No. 10 – Al Ittihad Alexandria
- Position: Center
- League: Egyptian Basketball Super League

Personal information
- Born: May 9, 1995 (age 30) Giza, Egypt
- Listed height: 7 ft 0 in (2.13 m)
- Listed weight: 210 lb (95 kg)

Career information
- High school: West Oaks Academy (Orlando, Florida)
- College: Louisville (2014–2018)
- NBA draft: 2018: undrafted
- Playing career: 2018–present

Career history
- 2018–2022: Zamalek
- 2022–present: Al Ittihad Alexandria
- 2023: Al Ahly Tripoli

Career highlights
- BAL champion (2021); All-BAL First Team (2021); BAL Defensive Player of the Year (2021); BAL Sportsmanship Award (2022); BAL blocks leader (2021); Egyptian League MVP (2021); 3× Egyptian League champion (2019, 2021, 2024); Egyptian Cup winner (2024); Egyptian Cup MVP (2024); ACC All-Defensive Team (2018);

= Anas Mahmoud =

Egyptian basketball player (born 1995)

Anas Osama Mahmoud (أنس أسامة محمود; born May 9, 1995) is an Egyptian professional basketball player who plays for Al Ittihad Alexandria of the Egyptian Basketball Super League. He played college basketball at the University of Louisville. He represents the Egypt national basketball team.

==High school career==
Mahmoud attended West Oaks Academy in Orlando, Florida for his senior year of high school. After garnering interest from college programs such as Cincinnati, Minnesota, Georgia Tech, and Louisville, Mahmoud signed a letter of intent to play and study at the University of Louisville on April 22, 2014.

College recruiting information
| Name | Hometown | School | Height | Weight | Commit date |
| Anas Mahmoud C | Giza, Egypt | West Oaks Academy | 7 ft 0 in (2.13 m) | 200 lb (91 kg) | Mar 4, 2014 |
Recruit ratings: Scout: Rivals: 247Sports: (80)
Overall recruit ranking: 247Sports: 164, 15 (C) ESPN: 99, 12 (C)
Note: In many cases, Scout, Rivals, 247Sports, On3, and ESPN may conflict in their listings of height and weight.; In these cases, the average was taken. ESPN grades are on a 100-point scale.; Sources: "Louisville 2014 Basketball Commitments". Rivals. Retrieved 6 January 2017.; "2014 Louisville Commits". Scout. Retrieved 6 January 2017.; "2014 Player Commitments – Louisville". ESPN. Retrieved 6 January 2017.; "Scout.com Team Recruiting Rankings". Scout. Retrieved 6 January 2017.; "2014 Team Ranking". Rivals. Retrieved 6 January 2017.;

==College career==
Mahmoud enrolled at Louisville on June 30, 2014. In Mahmoud's freshman season, he played in 30 games and averaged 1.2 points, 1.4 rebounds, and 0.7 blocks per game in 7.9 minutes per game. Mahmoud's sophomore season was cut short by a foot injury in mid-February 2016.

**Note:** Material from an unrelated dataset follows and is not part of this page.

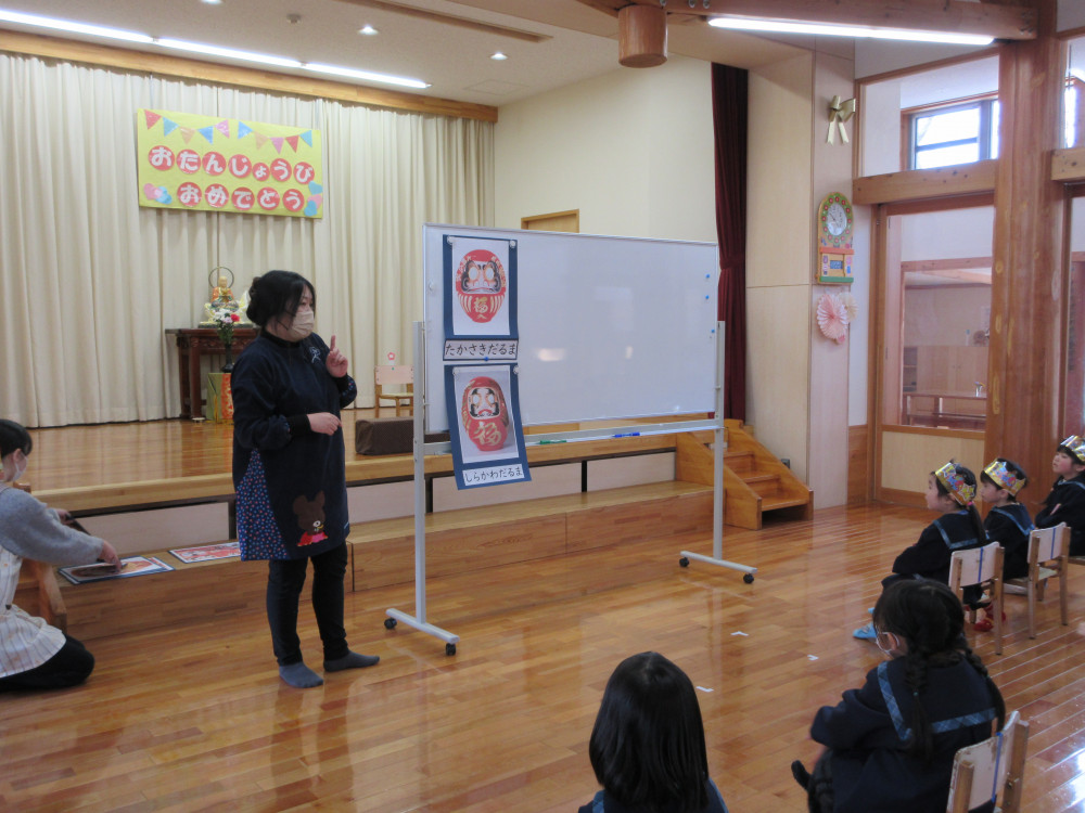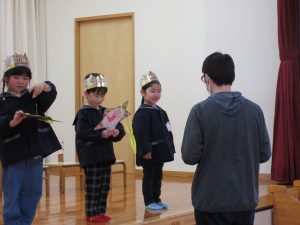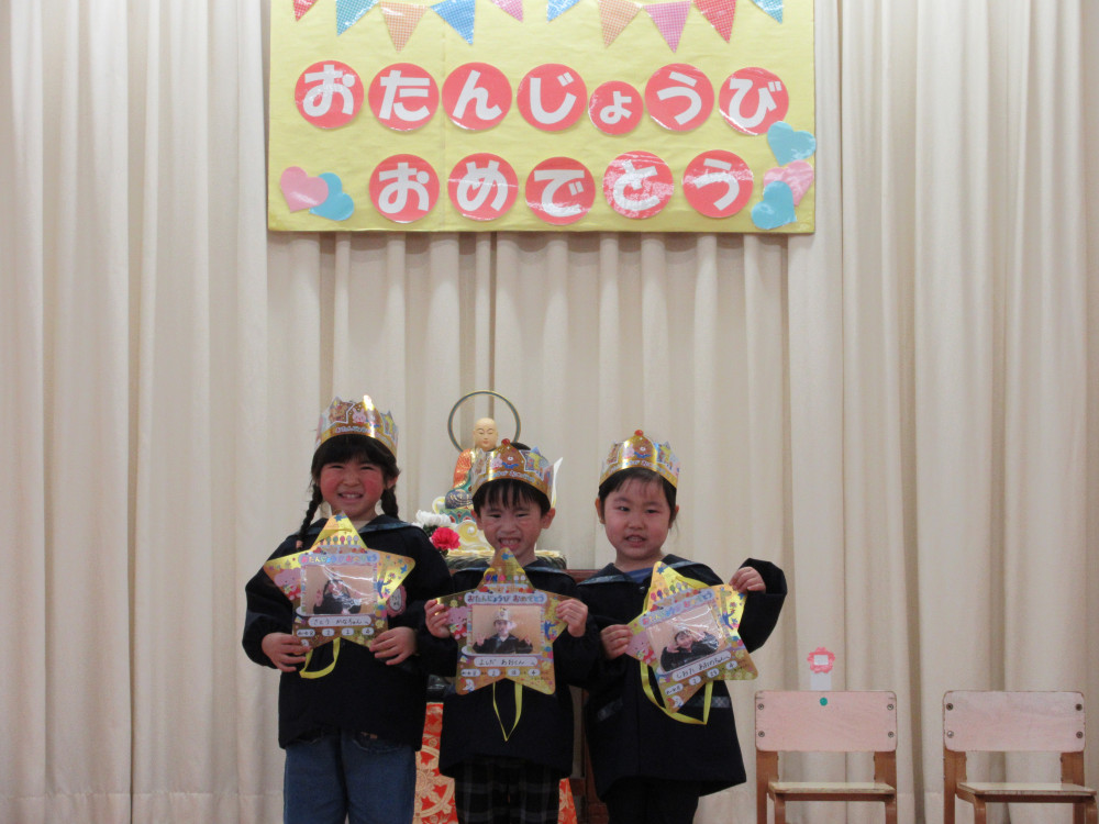 誕生児の子ども達は、家族や友達そして先生に誕生日をお祝いしてもらい、緊張している様子も見られましたがその中でも、園長先生から誕生カードを貰ったり友達から歌のプレゼントを貰ったりすると、とても嬉しそうな表情が見られました

| Year | Team | GP | GS | MPG | FG% | 3P% | FT% | RPG | APG | SPG | BPG | PPG |
|---|---|---|---|---|---|---|---|---|---|---|---|---|
| 2014–15 | Louisville | 30 | 2 | 7.9 | .400 | .000 | .750 | 1.4 | .4 | .1 | .7 | 1.2 |
| 2015–16 | Louisville | 22 | 2 | 13.1 | .470 | .000 | .400 | 3.0 | .5 | .5 | 1.3 | 3.2 |
| 2016–17 | Louisville | 31 | 16 | 18.7 | .620 | .000 | .642 | 4.0 | .8 | .9 | 2.1 | 5.7 |
| 2017–18 | Louisville | 36 | 22 | 23.4 | .550 | .000 | .500 | 5.0 | 1.0 | .8 | 2.9 | 6.8 |

==Professional career==
After going undrafted in the 2018 NBA draft, Mahmoud signed with the Memphis Grizzlies for the NBA Summer League. On August 25, 2018, Mahmoud returned to Egypt to sign his first professional contract with Zamalek.

Mahmoud was on the Zamalek roster for the 2021 BAL season and helped his team win the first-ever BAL championship. He led the team in steals and blocks and was named the BAL Defensive Player of the Year at the end of the season. In the same 2020–21 season, Mahmoud won his second Super League title and was named the MVP of the competition for the first time.

In August 2021, Mahmoud played for the Toronto Raptors for the NBA Summer League. He was the first BAL player to ever play in the NBA Summer League.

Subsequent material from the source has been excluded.